Description of the task: Wherever the line that contains "Assistant Professor of" falls, repeat it and the lines after it exactly until the records end, without any pictures.

[[ Record set, beginning ]]

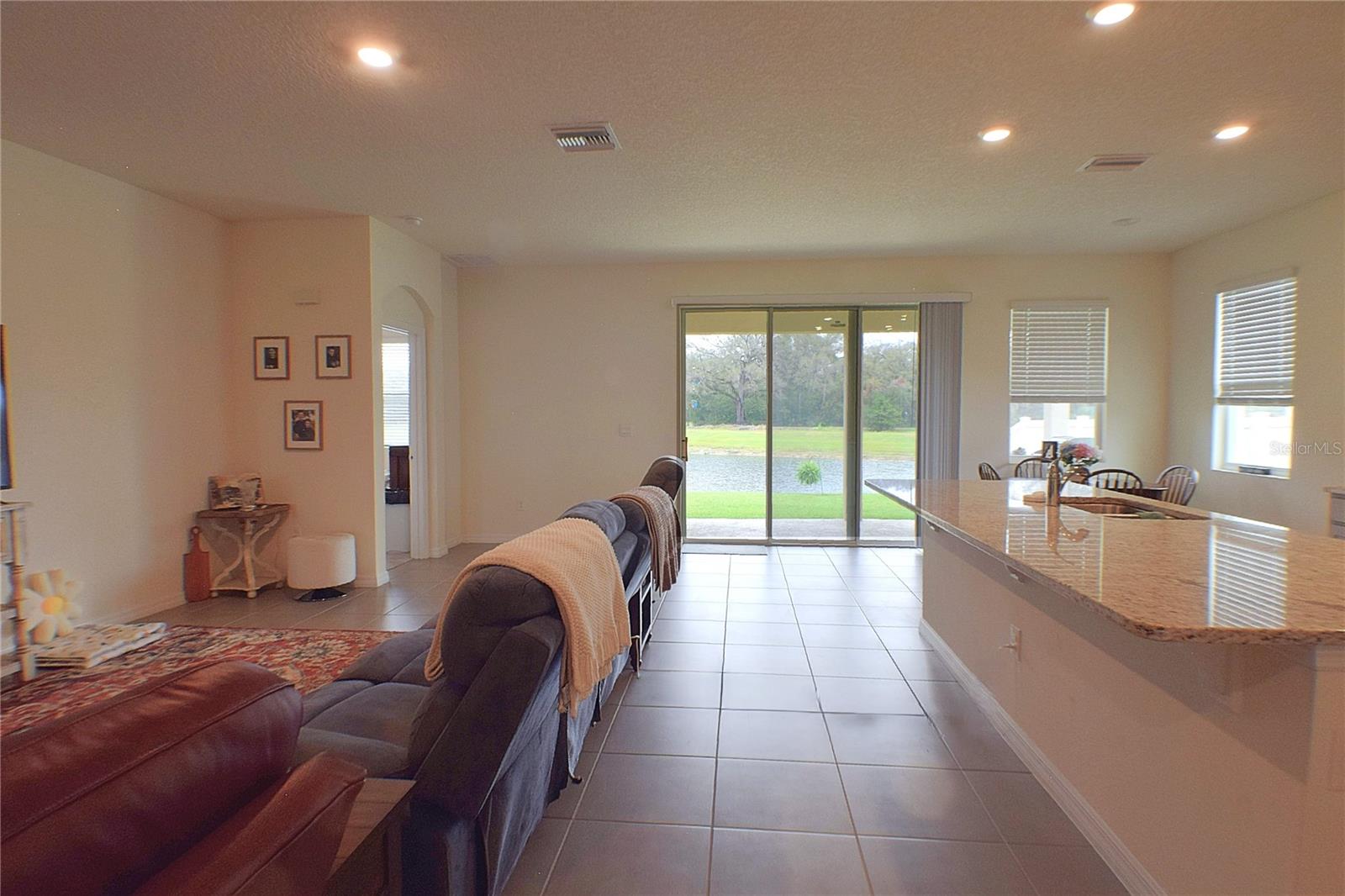 Welcome to this stunning 3-bedroom, 2-bath home built in 2022 with a picturesque pond view! This open-concept gem feels just like new and offers a perfect blank canvas to make your own. The spacious kitchen features granite countertops, sleek gray cabinets, and stainless steel appliances. The large island separating the kitchen from the spacious living room makes this home ideal for entertaining. Tile flooring flows seamlessly through all common areas, adding a touch of elegance and easy maintenance. Retreat to the master suite with its walk-in closet, garden tub, and beautifully tiled shower. Located in a quaint community with wonderful amenities, including a swimming pool, playground, and clubhouse. Don't miss your chance to call this beautiful home yours!
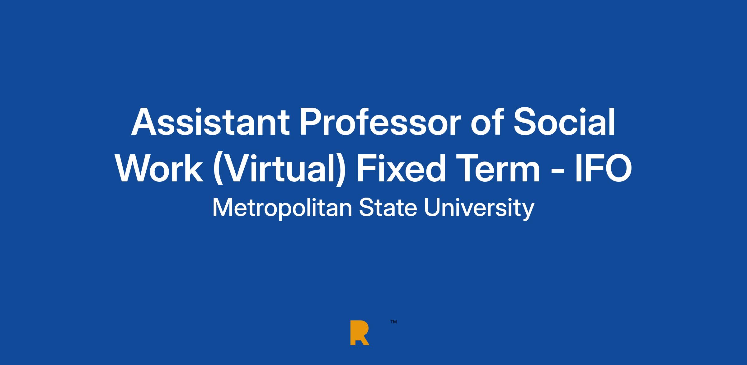 Assistant Professor of Social Work (Virtual) Fixed Term - IFOInstitution:
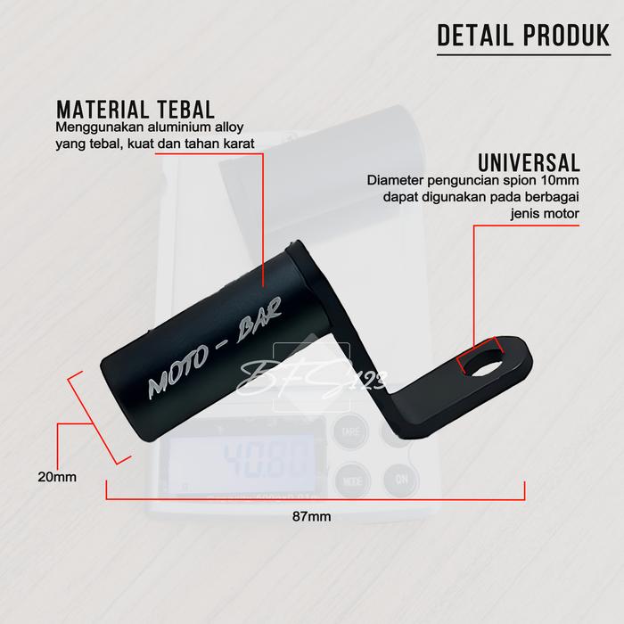 PALING DICARI ! BRACKET SPION MOTOR LAMPU SENTER HOLDER HP ALUMINIUM ALOY PONSEL - BRACKET SPION V1, HITAM TERMURAH
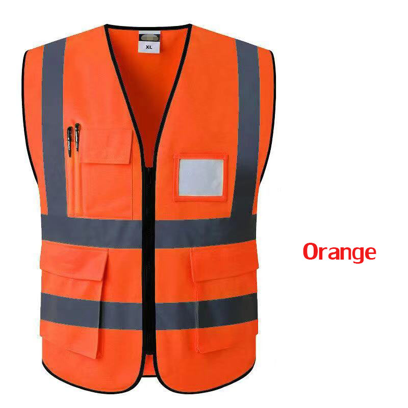 High Visibility Zipper Front Safety Vest With Reflective Strips Bicycle and Motorcycle Riding Safety Clothing Multi-Pockets
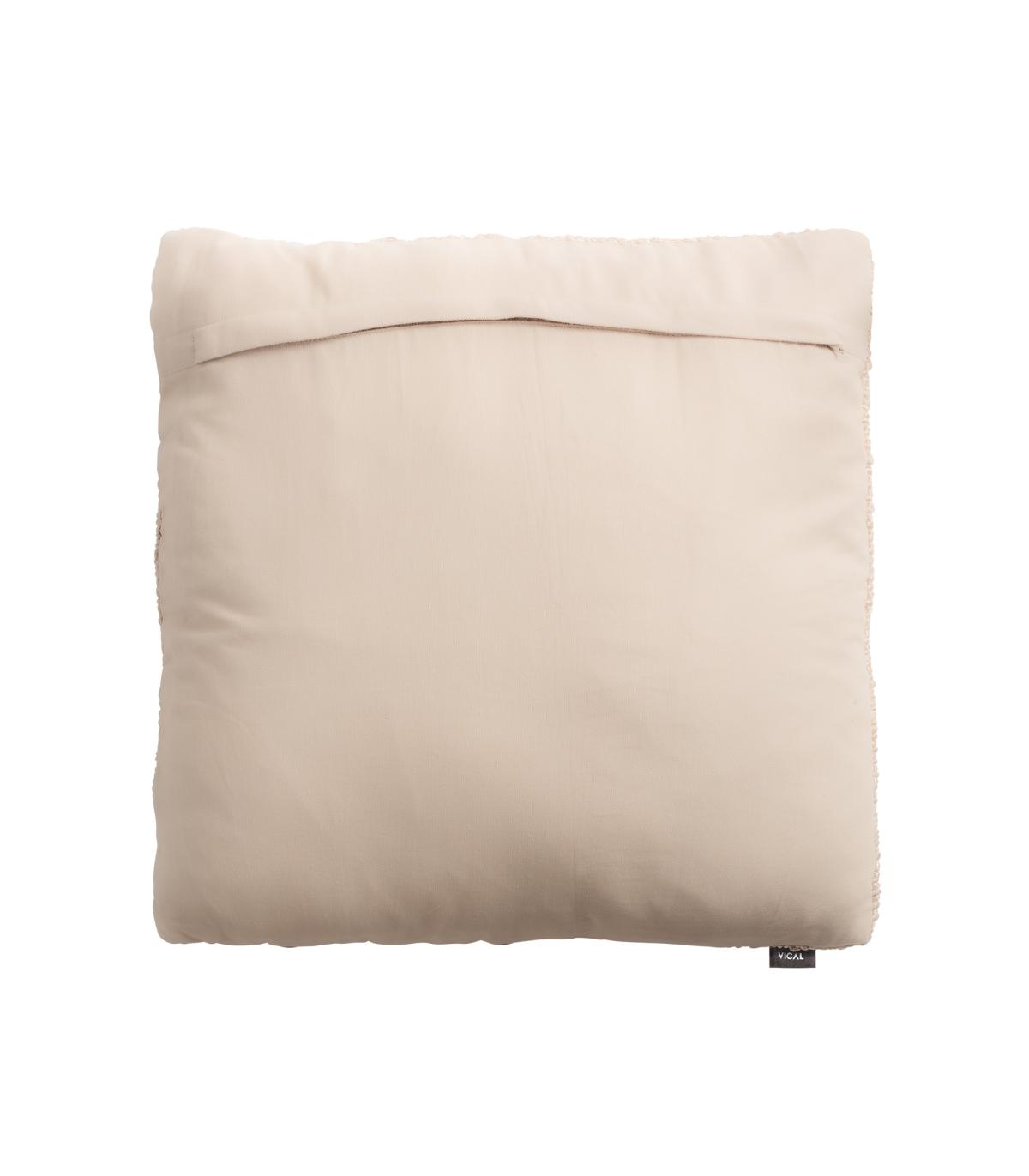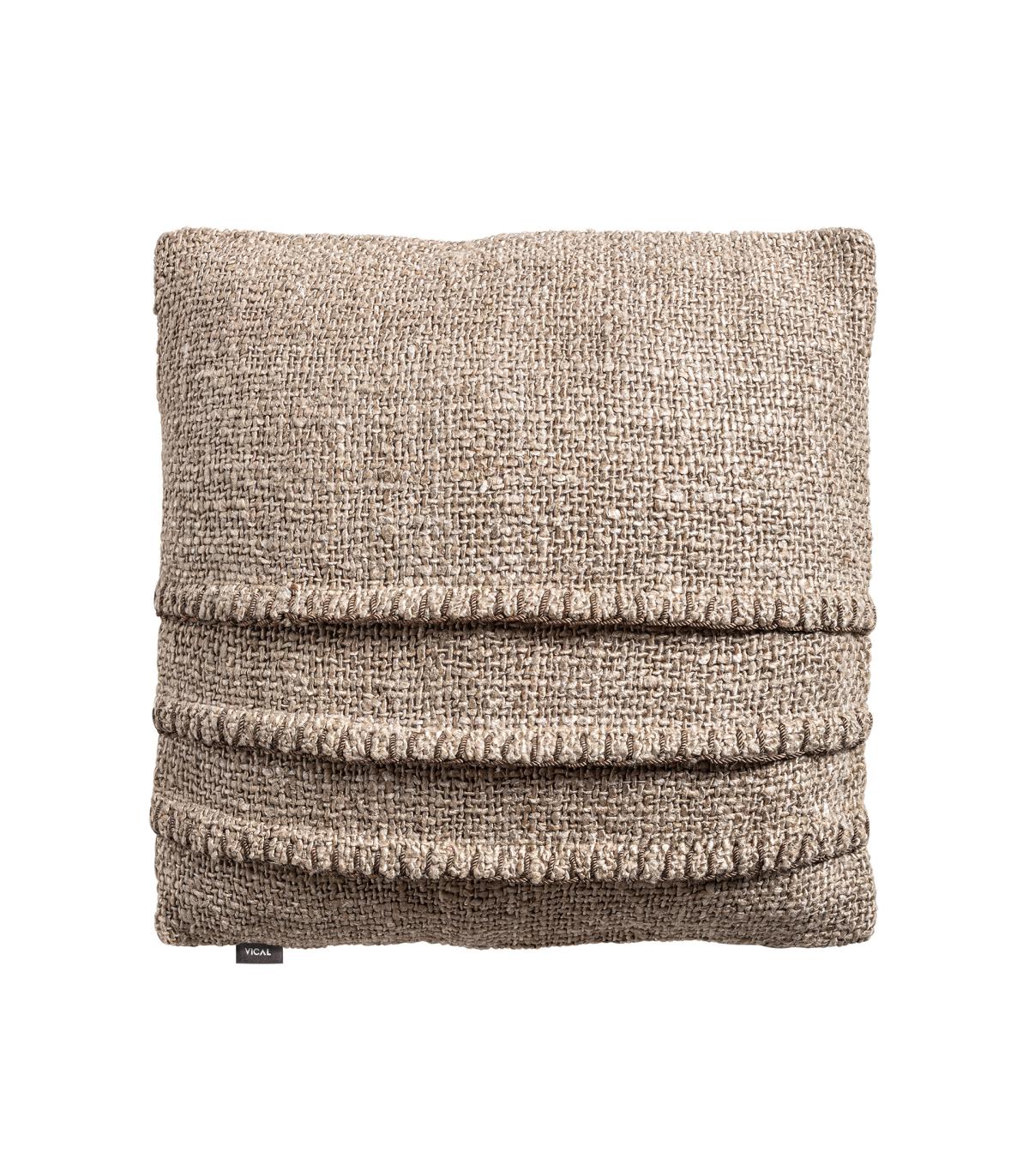 Cojín azai de estilo clásico fabricado en algodón en color arena combinado con viscosa y guata sintética. Producto desenfundable.

[[ Record set, end ]]

Response to the task:
 Assistant Professor of Social Work (Virtual) Fixed Term - IFOInstitution:
 PALING DICARI ! BRACKET SPION MOTOR LAMPU SENTER HOLDER HP ALUMINIUM ALOY PONSEL - BRACKET SPION V1, HITAM TERMURAH
 High Visibility Zipper Front Safety Vest With Reflective Strips Bicycle and Motorcycle Riding Safety Clothing Multi-Pockets
 Cojín azai de estilo clásico fabricado en algodón en color arena combinado con viscosa y guata sintética. Producto desenfundable.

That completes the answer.